Did they use any metrics for safety/perceived safety? As a female rider (who typically rides solo) in Portland this issue impacts me significantly. I feel this should be a component of the rating system to encourage safe riding conditions so more women will be interested in biking (for commuting and recreation). Some of our MUP’s are no go zones for me.
This rating system ranks Chicago almost at the dead bottom of the list of American cities. I read an interview where a spokesperson for the group basically defended that by claiming their standards are “objective” and based on “bast-practices” instead of acknowledging that this says more about the limitations of their data and methodology than anything “objective” on the ground. Chicago’s terrible rating does reflect real flaws in their infrastructure and policy, but Chicago’s actual results suggest that the flaws aren’t as fatal as the system claims they are.
I’ve not sure how to quantify how the Bike Summer fun culture affects Portland’s bicycling network, but I find it hard to believe that it doesn’t in some way.
It seems only logical to me that the more people who experience safe, enjoyable and social bicycling in the city, would naturally lead to them wanting to ride their bikes more, which would lead to them learning more about biking around town, being more informed & experienced, reading Bike Portland, getting involved with Ped/Bike advocacy, asking questions & making demands of PBOT to improve the bicycling network.
You know what Ashland and Corvallis have that Portland doesn’t? Easily bikeable access for most of the population to meaningful off-road cycling trails. Both of these cities have real singletrack within 2-3mi of most people’s front doors. Bend and Hood River also have trails, but the ride from home option is definitely better in Corvallis or Ashland.
I know ratings like this should be taken with a grain of salt, but in my experience, those places where you can ride from your home to the trails and back tend to be great places to rode bikes. Something we could have here if we had the political will.

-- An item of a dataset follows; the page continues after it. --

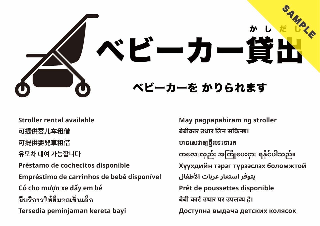 ベビーカーの貸出があることを案内する張り紙です。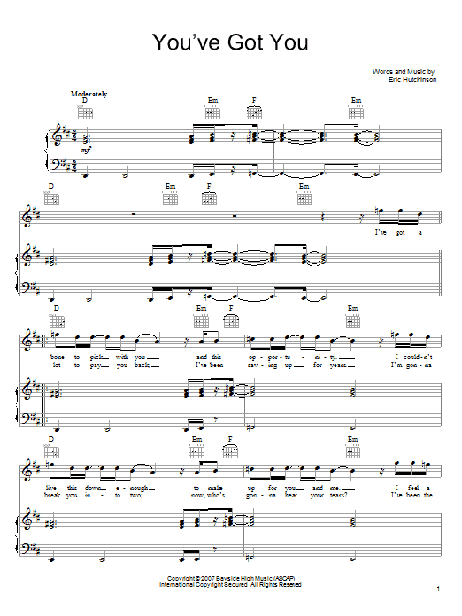 Download or print Eric Hutchinson You've Got You sheet music, chords and digital score arranged for Piano, Vocal & Guitar Chords (Right-Hand Melody). This Pop score includes 8 page(s).

The criteria makes no sense. It’s hard to believe that Davis is only eight points behind Utrecht. I see no reason why Davis gets a higher rating than last time.
Davis is good at bicycle transportation for people who live close to UC Davis and cycle there and fairly good till around 10th grade.
These populations and the campus destination basically carries the city into any kind of reasonable cycling model share — trips by adults not to campus and shopping trips etc are extremely marginal… well below 10%. One can travel by bike or car around the city in areas more than a mile from campus and can find it hard to see anyone cycling at all.